*What to do*: Retype the opening lines of the data exactly, stopping after the line that contains "上午九点,阳光灿烂、清风送爽". Skip every picture.

*Source data*:
=== Begin Enclosure ===
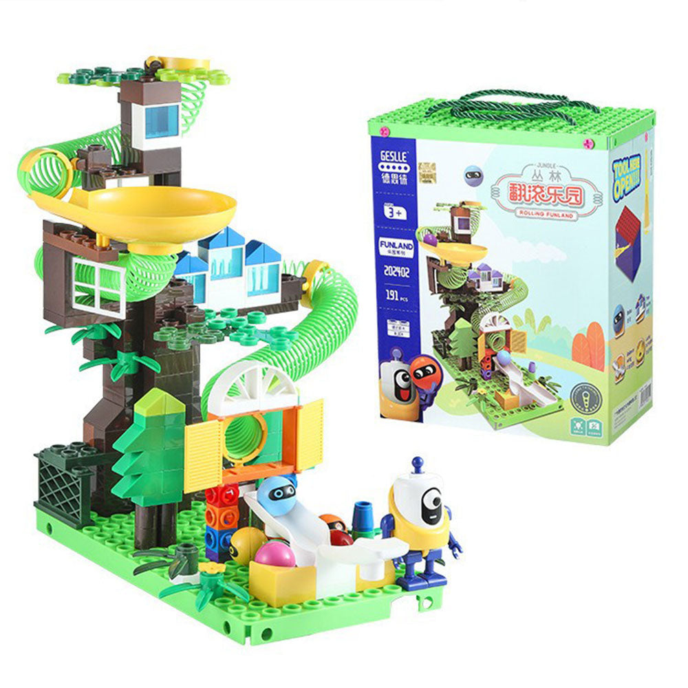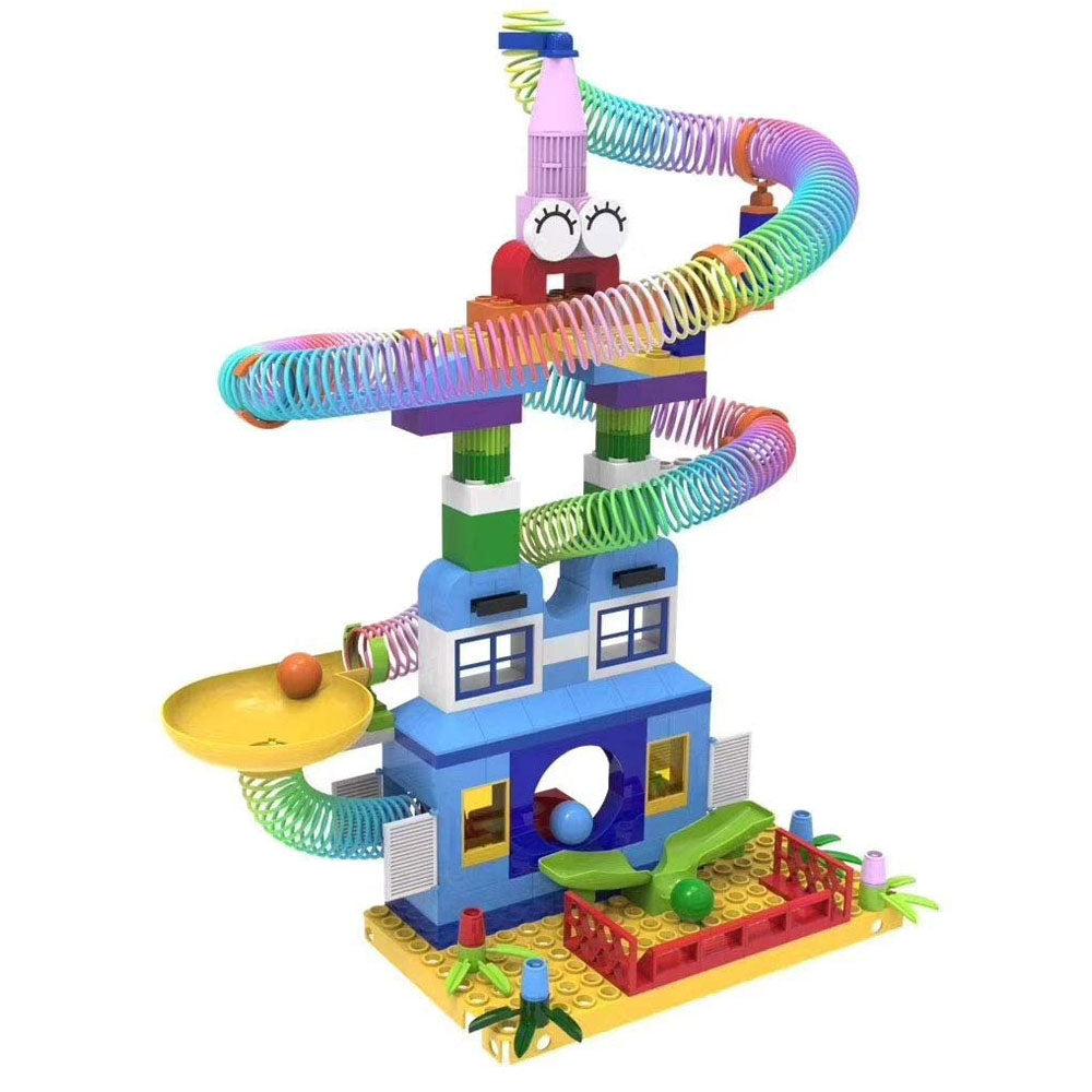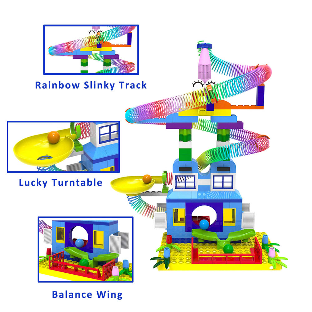 لعبة مكعبات تركيب للأطفال – لعبة مسار كرات تفاعلية مع زلاقات وأنابيب ملونة
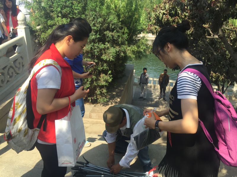 上午九点,阳光灿烂、清风送爽,志愿者部的干事们与志愿者们一起,集结在昆玉河畔。北京市水务局的两位工作人员热情地接待了我们,并将垃圾袋、夹子等工具一一分发给我们。
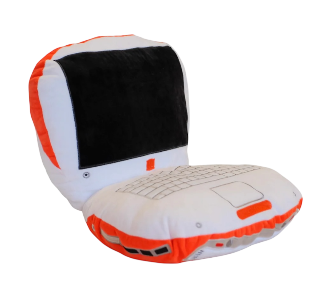 This bright and soft plush pillow is sure to bring back nostalgic memories and add a spark to your home. Inspired by the beloved tangerine colored laptop we know and love, this highly detailed throw pillow is the perfect addition to your geeky life.
=== End Enclosure ===
*Task response*:
 لعبة مكعبات تركيب للأطفال – لعبة مسار كرات تفاعلية مع زلاقات وأنابيب ملونة
 上午九点,阳光灿烂、清风送爽,志愿者部的干事们与志愿者们一起,集结在昆玉河畔。北京市水务局的两位工作人员热情地接待了我们,并将垃圾袋、夹子等工具一一分发给我们。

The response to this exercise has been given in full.